(Stored data)
▽

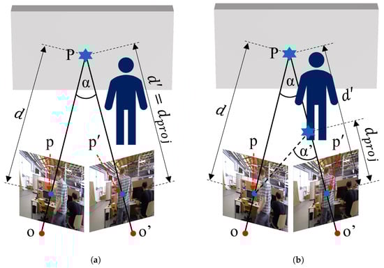 The feature point p on the keyframe projected onto the current frame is p’, and O and O’ are the two frames corresponding to the optical center of the camera, respectively. (a) Feature point p’ is static (). (b) Feature point p’ is dynamic ().
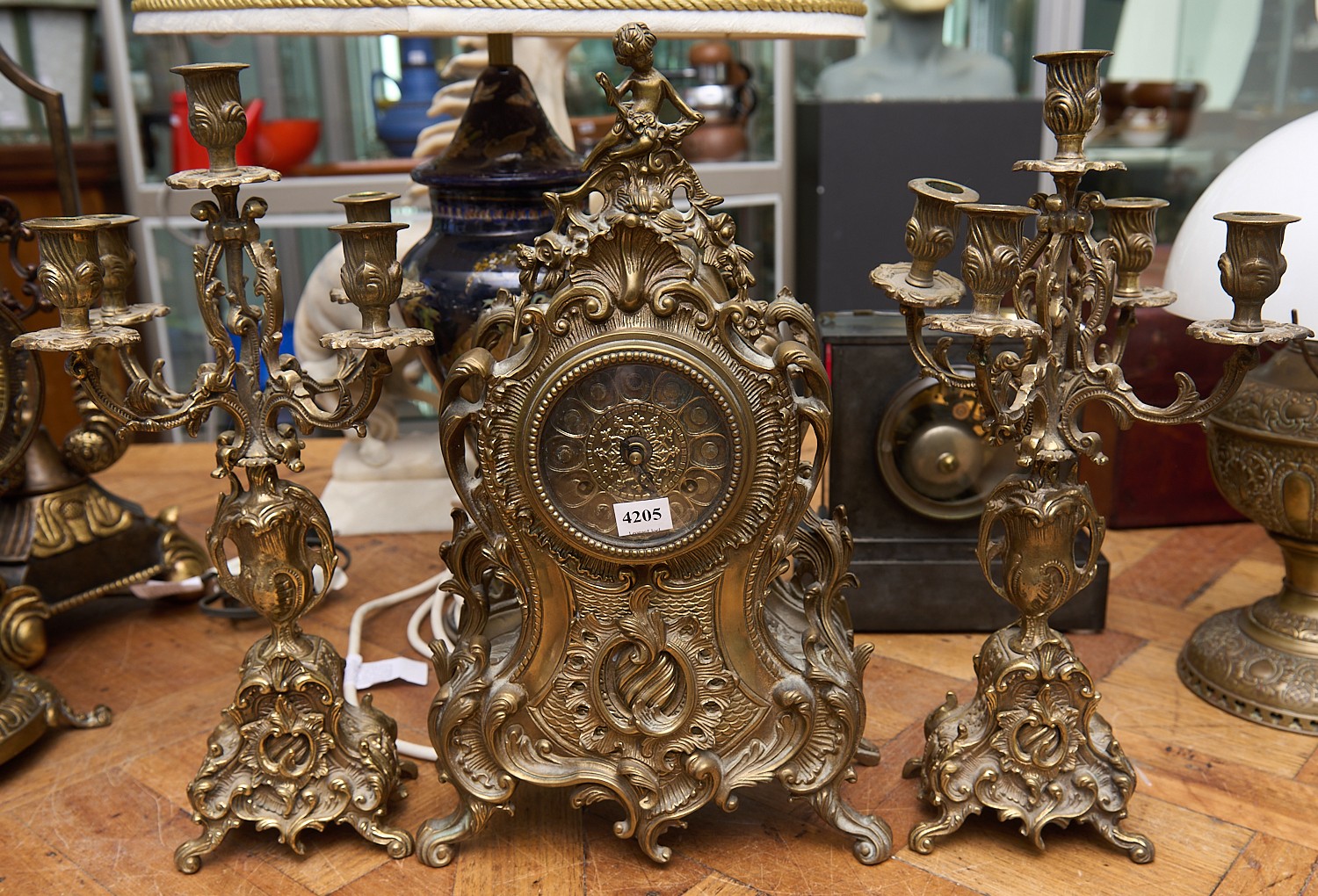 A BRASS CASED CLOCK GARNITURE H.43CM, LEONARD JOEL LOCAL DELIVERY SIZE: MEDIUM
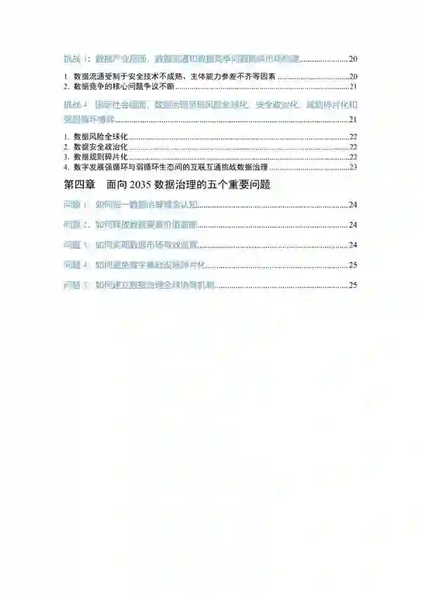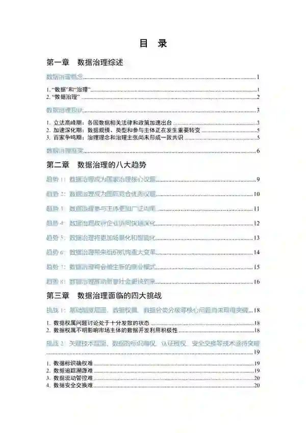 当前,国内外在数据治理的理论、技术、规则和应用等方面准备不足,实践中遇到越来越多的问题。本报告将站在中长期发展的视角,总结当前及未来一段时间内数据治理发展的八大趋势,以及在基础制度、关键技术、市场产业和国际社会等层面面临的四大挑战,并提出当前亟待研究解决的五个重要问题,以期为各方研究和讨论完善数据治理体系以及相关重大议题提供有益支撑。
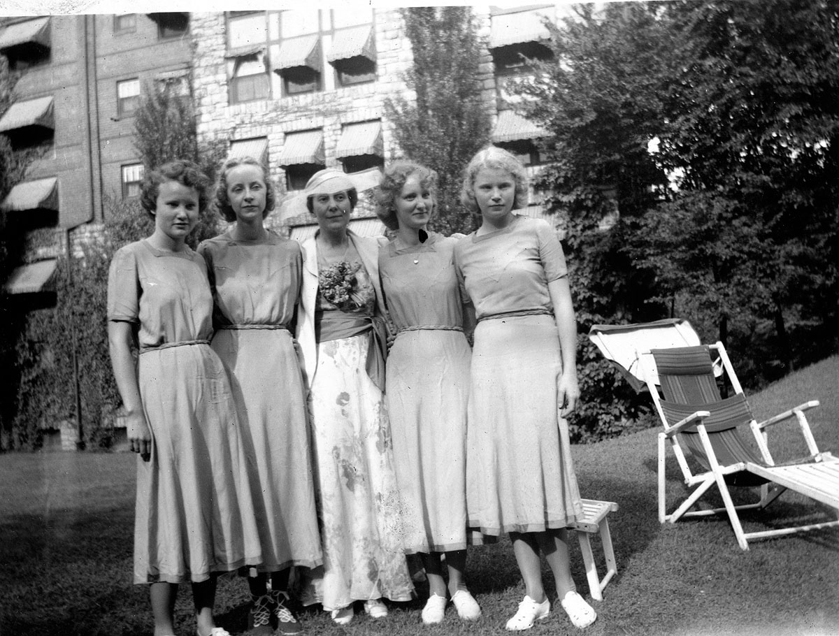- Girls Octet on tour at Excelsior Springs, Missouri, 1938. Part of Octet: Ruby Ayers, Fern Hall, ?, Joan Ayers, Lucille Christian. [III_campus_life_0793.jpg]
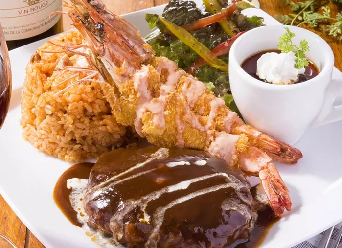 大宮シェフの代名詞ともいえるドミグラスソースは野菜の甘みと肉の旨み、昔ながらのホロ苦さがベース。シェフがこだわり抜いたドミグラスソースを使用した『ハンバーグステーキ』や『ハッシュドビーフ』はぜひ試してみたい銘皿。また、洋食の代表格のハンバーグと、名古屋名物の海老フライがセットになった『大人のお子様ランチ』も人気です。
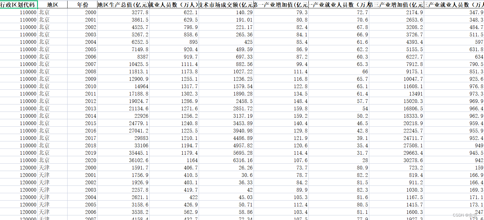 原始数据:地区生产总值(亿元)、就业人员数(万人)、技术市场成交额(亿元)、第一产业增加值(亿元)、第一产业就业人员数(万人)、第三产业增加值(亿元);

△

◆ **Problem to work on**:
Retype every entry exactly as written, but omit the pictures.

◆ **Answer box**:
 The feature point p on the keyframe projected onto the current frame is p’, and O and O’ are the two frames corresponding to the optical center of the camera, respectively. (a) Feature point p’ is static (). (b) Feature point p’ is dynamic ().
 A BRASS CASED CLOCK GARNITURE H.43CM, LEONARD JOEL LOCAL DELIVERY SIZE: MEDIUM
 当前,国内外在数据治理的理论、技术、规则和应用等方面准备不足,实践中遇到越来越多的问题。本报告将站在中长期发展的视角,总结当前及未来一段时间内数据治理发展的八大趋势,以及在基础制度、关键技术、市场产业和国际社会等层面面临的四大挑战,并提出当前亟待研究解决的五个重要问题,以期为各方研究和讨论完善数据治理体系以及相关重大议题提供有益支撑。
- Girls Octet on tour at Excelsior Springs, Missouri, 1938. Part of Octet: Ruby Ayers, Fern Hall, ?, Joan Ayers, Lucille Christian. [III_campus_life_0793.jpg]
 大宮シェフの代名詞ともいえるドミグラスソースは野菜の甘みと肉の旨み、昔ながらのホロ苦さがベース。シェフがこだわり抜いたドミグラスソースを使用した『ハンバーグステーキ』や『ハッシュドビーフ』はぜひ試してみたい銘皿。また、洋食の代表格のハンバーグと、名古屋名物の海老フライがセットになった『大人のお子様ランチ』も人気です。
 原始数据:地区生产总值(亿元)、就业人员数(万人)、技术市场成交额(亿元)、第一产业增加值(亿元)、第一产业就业人员数(万人)、第三产业增加值(亿元);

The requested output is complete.